Performance Analysis of Filtered OFDM using MLE for Wireless Communication Networks

Author(s): Asia Hazareena, Kavitha Shekhara* and Mohammed Zakir Bellary

Volume 14, Issue 3, 2024

Published on: 30 April, 2024

Page: [236 - 245] Pages: 10

DOI: 10.2174/0122103279295699240403073806

Price: $65

Abstract

Introduction: OFDM has evolved as an effective modulation format for 4G mobile network technologies, Long-Term Evolution, and Worldwide Interoperability for Microwave Access. OFDM is the modulation technique adopted for communication standards such as DSL, wireless LAN, DVB, and DAB. However, because CP-OFDM has considerable out-of-band emission that may interfere with transmissions in adjacent bands and applies a single set of parameters to the whole band to fulfill a given service, it is unable to accommodate the diversity of services. The objective of the research is to develop a novel waveform with better adaptability than CP-OFDM that employs filters to increase spectrum containment. In this view, an FIR filter that uses the Blackman window function to lessen the OOBE is proposed in this manuscript. Filtered OFDM is sensitive to carrier frequency offset (CFO). CFO increases the Inter-Carrier Interference (ICI) in F-OFDM systems. However, research work that combines the CFO compensation technique with filtered OFDM has not been listed in the literature so far.
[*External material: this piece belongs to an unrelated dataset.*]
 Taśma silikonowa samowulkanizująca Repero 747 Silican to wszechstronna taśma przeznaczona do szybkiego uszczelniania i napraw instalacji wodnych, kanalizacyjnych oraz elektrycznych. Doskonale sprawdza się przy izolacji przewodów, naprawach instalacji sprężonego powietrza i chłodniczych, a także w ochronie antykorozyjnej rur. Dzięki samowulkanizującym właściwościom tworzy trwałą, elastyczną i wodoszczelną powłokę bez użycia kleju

Methods: In this paper, Maximum likelihood estimation is used to cancel the ICI caused by the CFO. The high PAPR of filtered OFDM is one of its drawbacks. The amplitude clipping method is used to reduce the PAPR. The distortion caused by amplitude clipping is prevented by filters used in the FOFDM system.

Highlights:

• A novel waveform addressing OOBE issues in OFDM is developed for 4G wireless communication networks.

• An innovative solution using MLE is proposed to address the challenges faced by the filtered OFDM system due to the CFO.
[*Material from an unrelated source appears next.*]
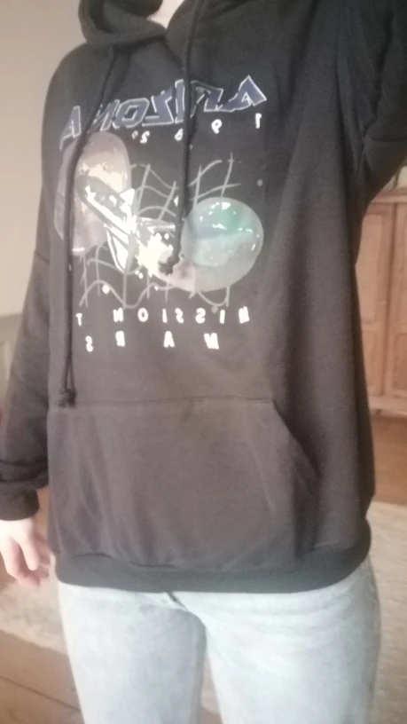 Hoodie is gorgeous!! A little bigger size than mine but it does not make it worse. Threads do not stick out, the colors are slightly darker than those in the photo. The delivery was fast (a little more than a month from china to moscow), in such a hoodie you can go outside if it is cool. the pocket is excellent, large, the hood is also beautiful. Of defects: a small smell of clothing, easy to wash i think. Advise order hoodies
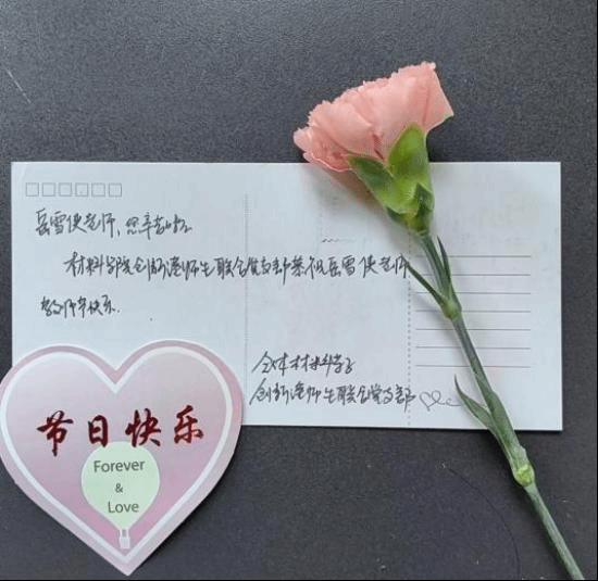 与此同时,教师节送花活动同步进行中。一朵朵馥郁的鲜花在师生手中传递,一句句诚挚的祝福在贺卡上洋溢,一张张温馨的合影定格幸福瞬间,送花活动充满了感恩之情和温馨氛围。材料创新设计中心师生联合党支部副书记周妍表示:“老师是我们前行路上的提灯者和领路人,很荣幸能在教师节开展送花活动,让我们有机会面对面向亲爱的老师们表达感谢之情。”

• Article addresses the high PAPR problem of filtered OFDM.

Results: The performance of filtered OFDM with amplitude clipping is analyzed in terms of BER, PSD, and PAPR over the AWGN channel.

Conclusion: Simulation results show that, when compared to the traditional OFDM system, such a combined method effectively suppresses PAPR while maintaining good BER (Bit Error Rate) and OOBE performance.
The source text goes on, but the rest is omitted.